<<<<

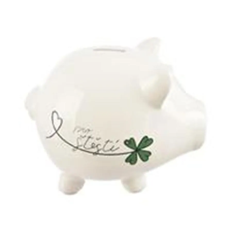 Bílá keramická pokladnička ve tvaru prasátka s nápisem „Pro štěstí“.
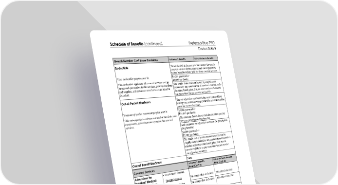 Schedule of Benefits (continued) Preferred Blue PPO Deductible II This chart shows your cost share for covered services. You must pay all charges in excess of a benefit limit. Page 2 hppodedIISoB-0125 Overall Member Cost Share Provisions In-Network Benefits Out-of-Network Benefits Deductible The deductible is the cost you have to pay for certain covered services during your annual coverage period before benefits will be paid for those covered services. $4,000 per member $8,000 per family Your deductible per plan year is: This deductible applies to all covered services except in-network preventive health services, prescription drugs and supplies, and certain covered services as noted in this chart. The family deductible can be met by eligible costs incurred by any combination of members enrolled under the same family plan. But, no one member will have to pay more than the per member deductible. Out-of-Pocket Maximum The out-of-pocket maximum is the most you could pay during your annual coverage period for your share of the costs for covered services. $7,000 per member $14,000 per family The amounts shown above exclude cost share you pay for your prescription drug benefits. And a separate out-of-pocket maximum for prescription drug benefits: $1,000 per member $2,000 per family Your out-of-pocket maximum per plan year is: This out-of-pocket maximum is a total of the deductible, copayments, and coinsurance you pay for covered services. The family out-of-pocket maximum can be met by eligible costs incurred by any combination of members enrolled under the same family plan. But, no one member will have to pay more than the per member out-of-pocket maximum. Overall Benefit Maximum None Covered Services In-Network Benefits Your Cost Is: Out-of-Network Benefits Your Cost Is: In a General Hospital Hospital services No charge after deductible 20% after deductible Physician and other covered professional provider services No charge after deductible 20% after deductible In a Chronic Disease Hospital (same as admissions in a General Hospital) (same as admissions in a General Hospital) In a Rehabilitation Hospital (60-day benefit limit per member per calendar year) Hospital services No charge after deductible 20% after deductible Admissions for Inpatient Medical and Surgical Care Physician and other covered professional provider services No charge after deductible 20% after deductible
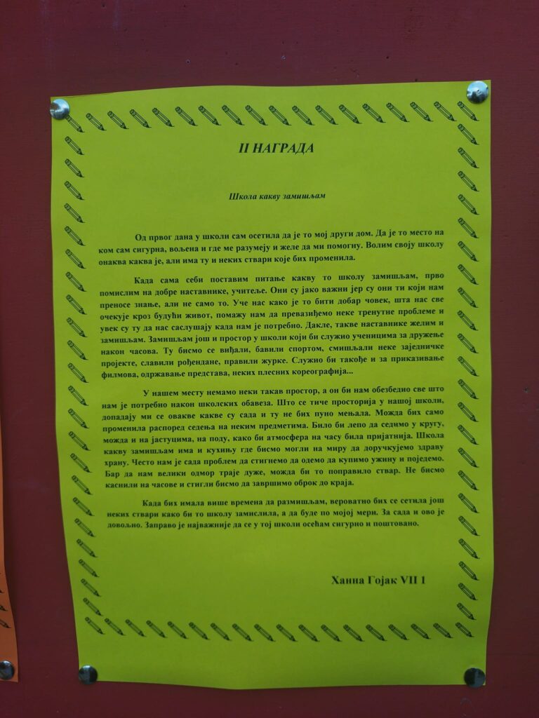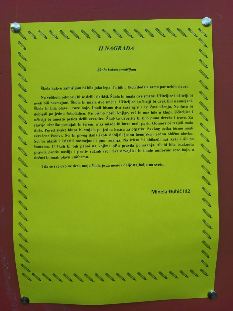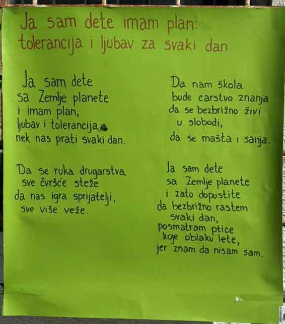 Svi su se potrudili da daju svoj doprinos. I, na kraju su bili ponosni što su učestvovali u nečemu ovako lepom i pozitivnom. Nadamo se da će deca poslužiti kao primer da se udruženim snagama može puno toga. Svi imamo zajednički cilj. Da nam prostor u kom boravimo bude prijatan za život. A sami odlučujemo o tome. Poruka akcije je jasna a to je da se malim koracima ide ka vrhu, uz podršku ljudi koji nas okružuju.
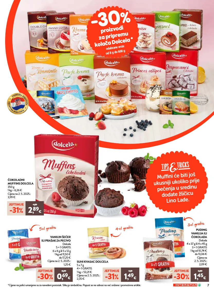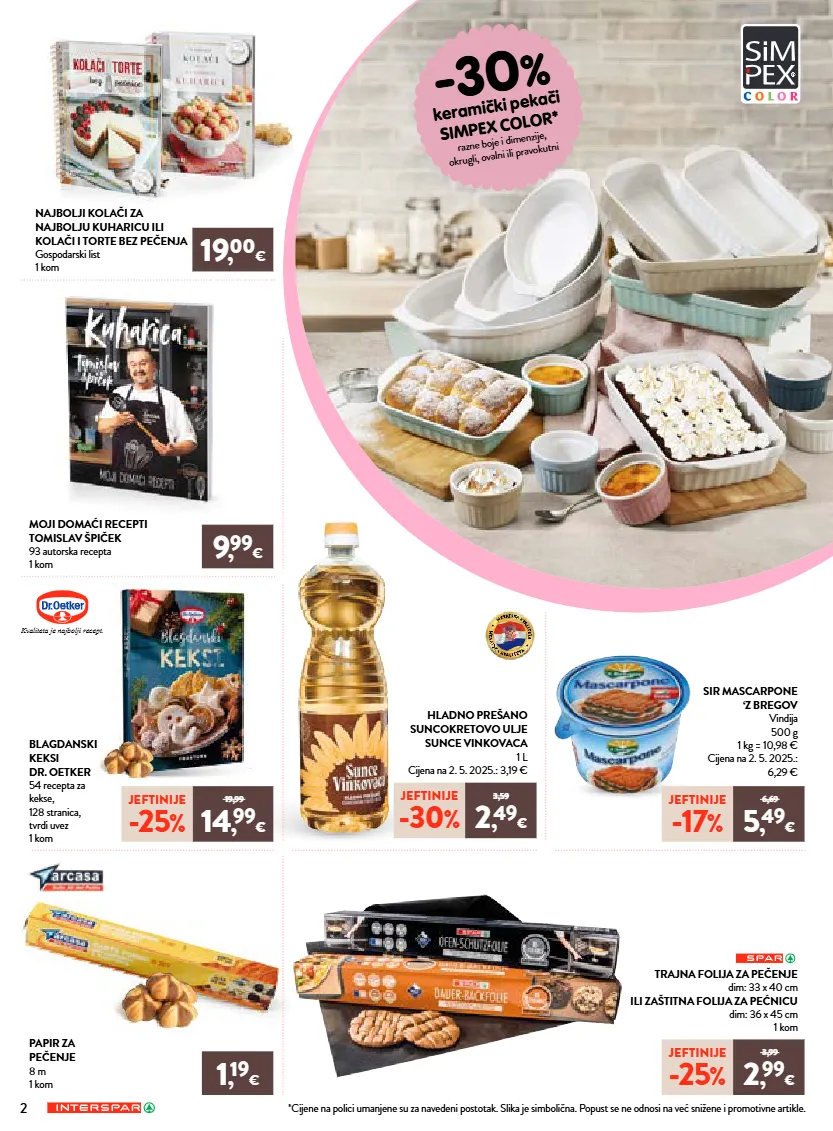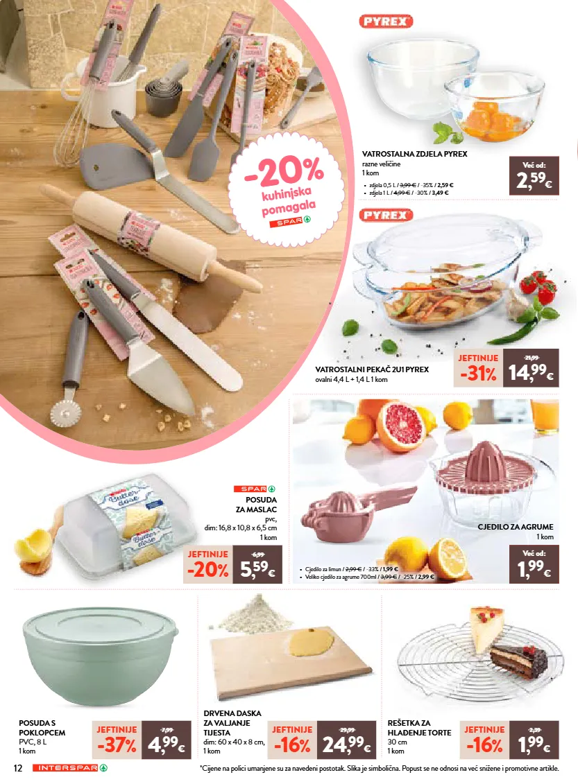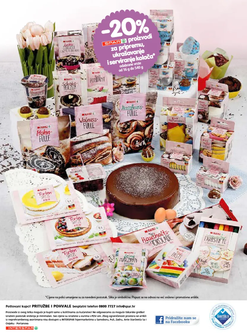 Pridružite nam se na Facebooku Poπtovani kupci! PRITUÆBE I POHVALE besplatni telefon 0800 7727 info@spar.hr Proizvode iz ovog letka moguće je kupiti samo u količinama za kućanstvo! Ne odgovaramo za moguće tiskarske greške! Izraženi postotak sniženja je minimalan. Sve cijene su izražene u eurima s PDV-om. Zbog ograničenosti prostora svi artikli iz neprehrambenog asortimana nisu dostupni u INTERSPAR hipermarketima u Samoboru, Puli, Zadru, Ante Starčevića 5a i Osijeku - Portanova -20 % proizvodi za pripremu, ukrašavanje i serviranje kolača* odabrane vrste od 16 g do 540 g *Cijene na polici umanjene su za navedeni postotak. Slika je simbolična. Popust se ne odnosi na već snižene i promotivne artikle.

>>>>

**EXERCISE OBJECTIVE:**
From the line containing "Svi su se potrudili" to the end of the data above, give those lines again verbatim, with both endpoints included and no images.

**TASK OUTPUT:**
 Svi su se potrudili da daju svoj doprinos. I, na kraju su bili ponosni što su učestvovali u nečemu ovako lepom i pozitivnom. Nadamo se da će deca poslužiti kao primer da se udruženim snagama može puno toga. Svi imamo zajednički cilj. Da nam prostor u kom boravimo bude prijatan za život. A sami odlučujemo o tome. Poruka akcije je jasna a to je da se malim koracima ide ka vrhu, uz podršku ljudi koji nas okružuju.
 Pridružite nam se na Facebooku Poπtovani kupci! PRITUÆBE I POHVALE besplatni telefon 0800 7727 info@spar.hr Proizvode iz ovog letka moguće je kupiti samo u količinama za kućanstvo! Ne odgovaramo za moguće tiskarske greške! Izraženi postotak sniženja je minimalan. Sve cijene su izražene u eurima s PDV-om. Zbog ograničenosti prostora svi artikli iz neprehrambenog asortimana nisu dostupni u INTERSPAR hipermarketima u Samoboru, Puli, Zadru, Ante Starčevića 5a i Osijeku - Portanova -20 % proizvodi za pripremu, ukrašavanje i serviranje kolača* odabrane vrste od 16 g do 540 g *Cijene na polici umanjene su za navedeni postotak. Slika je simbolična. Popust se ne odnosi na već snižene i promotivne artikle.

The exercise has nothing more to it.